*** DATA EXTRACT ***
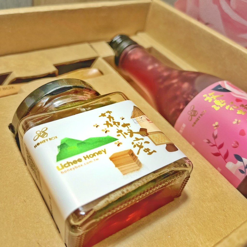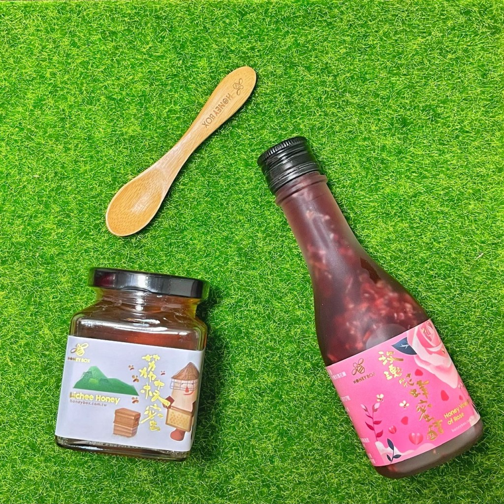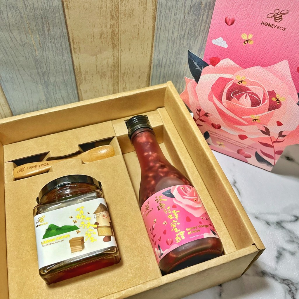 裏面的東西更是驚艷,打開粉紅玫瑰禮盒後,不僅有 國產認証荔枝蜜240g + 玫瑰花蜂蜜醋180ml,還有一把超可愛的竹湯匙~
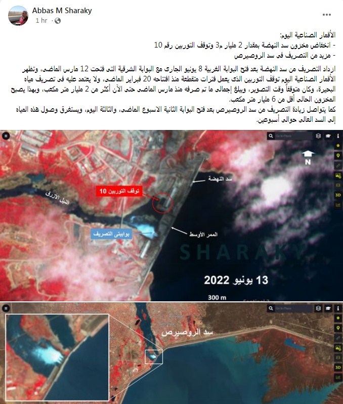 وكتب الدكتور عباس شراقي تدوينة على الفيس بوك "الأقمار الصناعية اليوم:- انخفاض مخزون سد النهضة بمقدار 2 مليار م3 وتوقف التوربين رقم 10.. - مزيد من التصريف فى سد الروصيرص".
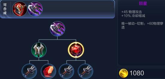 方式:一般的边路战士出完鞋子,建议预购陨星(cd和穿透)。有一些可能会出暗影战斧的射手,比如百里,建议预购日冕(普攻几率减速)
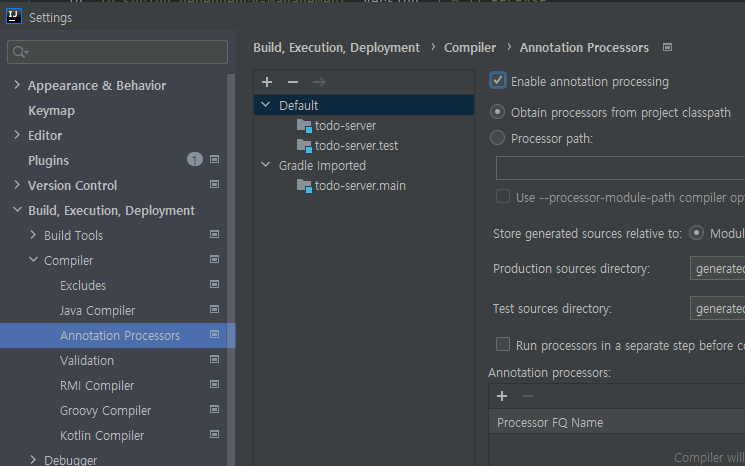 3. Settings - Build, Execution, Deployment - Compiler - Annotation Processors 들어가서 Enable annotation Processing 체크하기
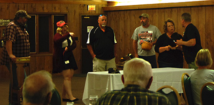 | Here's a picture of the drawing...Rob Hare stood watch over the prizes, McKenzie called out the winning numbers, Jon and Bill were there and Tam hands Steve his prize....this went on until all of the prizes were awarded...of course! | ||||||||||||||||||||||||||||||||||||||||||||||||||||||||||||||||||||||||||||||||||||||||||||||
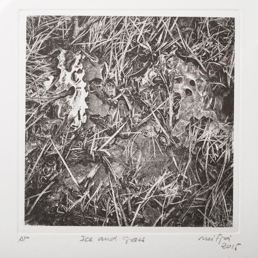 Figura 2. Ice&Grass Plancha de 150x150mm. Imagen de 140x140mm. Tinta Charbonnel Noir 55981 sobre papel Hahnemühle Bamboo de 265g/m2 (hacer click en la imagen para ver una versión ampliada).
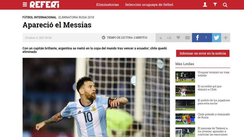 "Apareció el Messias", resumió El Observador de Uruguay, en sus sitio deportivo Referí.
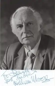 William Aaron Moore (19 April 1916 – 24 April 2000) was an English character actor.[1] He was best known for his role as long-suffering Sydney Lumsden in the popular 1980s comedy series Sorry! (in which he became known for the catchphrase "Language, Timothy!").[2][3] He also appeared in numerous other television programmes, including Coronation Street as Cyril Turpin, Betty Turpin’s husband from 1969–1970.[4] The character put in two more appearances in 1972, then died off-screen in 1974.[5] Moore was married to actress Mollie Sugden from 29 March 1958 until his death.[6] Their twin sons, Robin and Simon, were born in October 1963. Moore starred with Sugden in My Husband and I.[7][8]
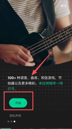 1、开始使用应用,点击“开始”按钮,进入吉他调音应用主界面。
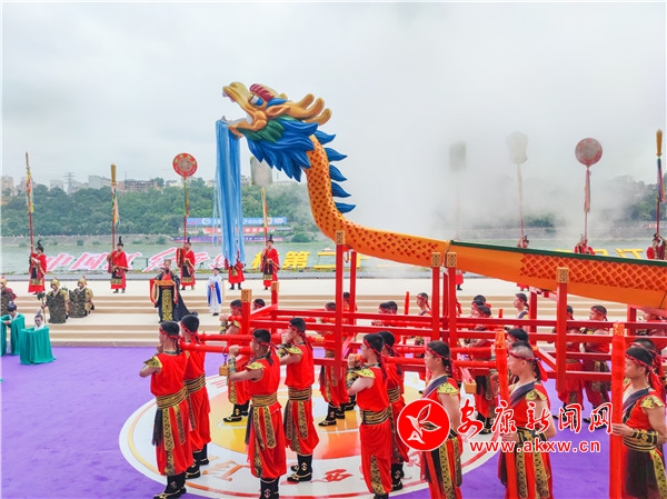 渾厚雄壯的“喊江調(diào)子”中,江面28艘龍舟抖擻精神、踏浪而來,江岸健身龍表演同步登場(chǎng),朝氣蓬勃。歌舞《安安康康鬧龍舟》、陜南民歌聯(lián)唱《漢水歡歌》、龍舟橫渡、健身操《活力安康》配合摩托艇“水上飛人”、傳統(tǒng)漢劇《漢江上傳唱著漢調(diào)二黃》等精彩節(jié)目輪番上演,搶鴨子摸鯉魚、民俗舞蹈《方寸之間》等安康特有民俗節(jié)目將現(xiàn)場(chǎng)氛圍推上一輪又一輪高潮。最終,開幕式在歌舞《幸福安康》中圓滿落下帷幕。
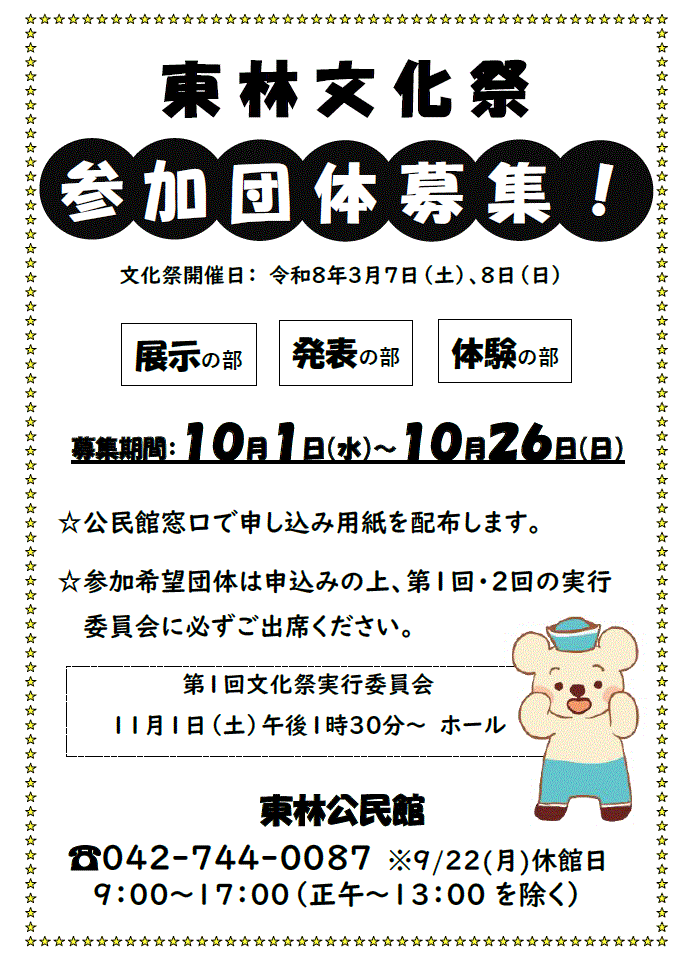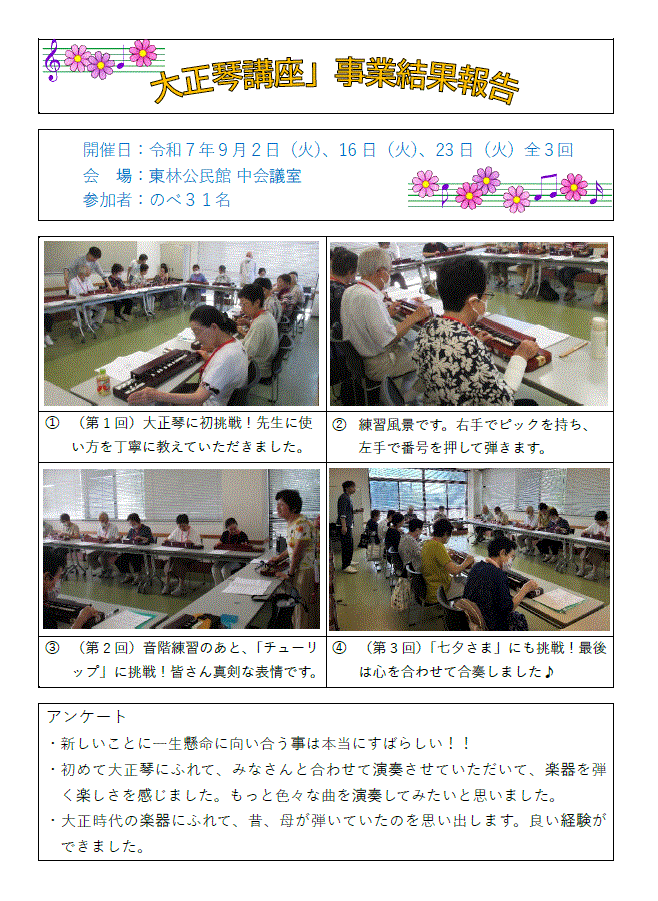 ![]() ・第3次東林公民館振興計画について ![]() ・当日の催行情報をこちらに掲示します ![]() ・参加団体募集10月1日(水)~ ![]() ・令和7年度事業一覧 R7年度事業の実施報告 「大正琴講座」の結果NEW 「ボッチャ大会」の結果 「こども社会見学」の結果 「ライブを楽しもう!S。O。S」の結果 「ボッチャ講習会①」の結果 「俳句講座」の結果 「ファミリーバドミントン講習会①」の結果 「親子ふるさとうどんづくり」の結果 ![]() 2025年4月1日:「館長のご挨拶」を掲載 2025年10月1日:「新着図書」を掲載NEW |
*** End of DATA EXTRACT ***
◆ **TASK TO COMPLETE**:
Please give back exactly, and with no pictures, the lines from where the listing above begins through the line containing "3. Settings - Build, Execution, Deployment".

◆ **ANSWER SPACE**:
 裏面的東西更是驚艷,打開粉紅玫瑰禮盒後,不僅有 國產認証荔枝蜜240g + 玫瑰花蜂蜜醋180ml,還有一把超可愛的竹湯匙~
 وكتب الدكتور عباس شراقي تدوينة على الفيس بوك "الأقمار الصناعية اليوم:- انخفاض مخزون سد النهضة بمقدار 2 مليار م3 وتوقف التوربين رقم 10.. - مزيد من التصريف فى سد الروصيرص".
 方式:一般的边路战士出完鞋子,建议预购陨星(cd和穿透)。有一些可能会出暗影战斧的射手,比如百里,建议预购日冕(普攻几率减速)
 3. Settings - Build, Execution, Deployment - Compiler - Annotation Processors 들어가서 Enable annotation Processing 체크하기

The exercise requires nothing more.